What is being asked: Under this line sits a listing. Repeat exactly and only its lines from the one holding "韩国代购春秋性感V领挂脖宽松喇叭袖休闲短款毛呢子上衣T恤1188" through the one holding "2026 Spring Korean"; skip pictures.

Data supplied:

▽

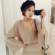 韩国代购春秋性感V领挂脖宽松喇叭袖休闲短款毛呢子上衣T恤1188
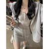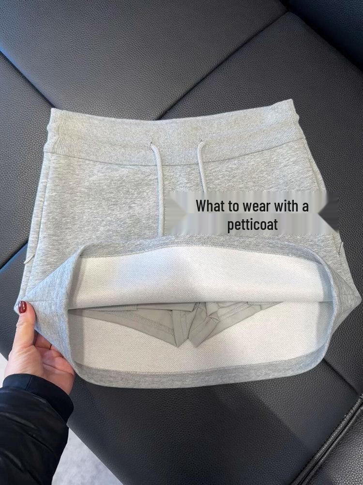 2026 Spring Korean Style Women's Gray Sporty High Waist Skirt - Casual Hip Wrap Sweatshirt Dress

△
▽

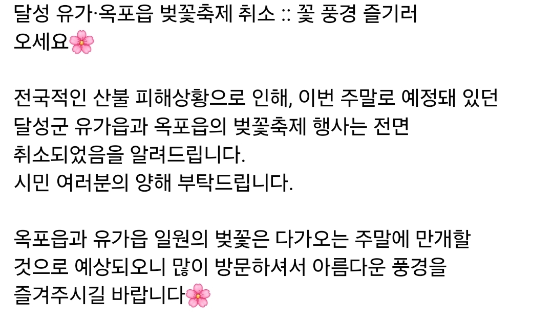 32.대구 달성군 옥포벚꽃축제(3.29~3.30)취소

△
▽

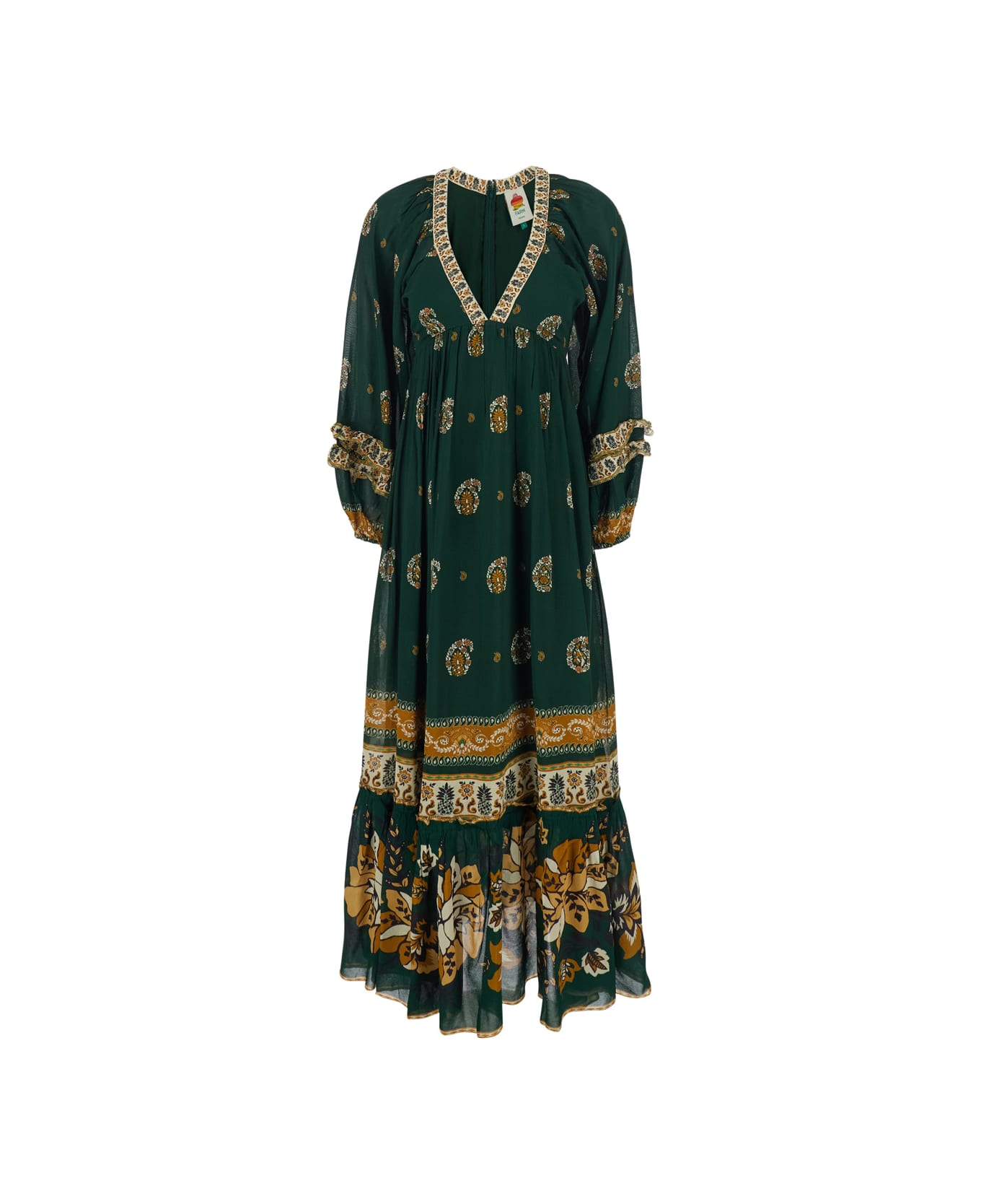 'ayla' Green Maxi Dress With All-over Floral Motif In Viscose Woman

△

Result of this exercise:
 韩国代购春秋性感V领挂脖宽松喇叭袖休闲短款毛呢子上衣T恤1188
 2026 Spring Korean Style Women's Gray Sporty High Waist Skirt - Casual Hip Wrap Sweatshirt Dress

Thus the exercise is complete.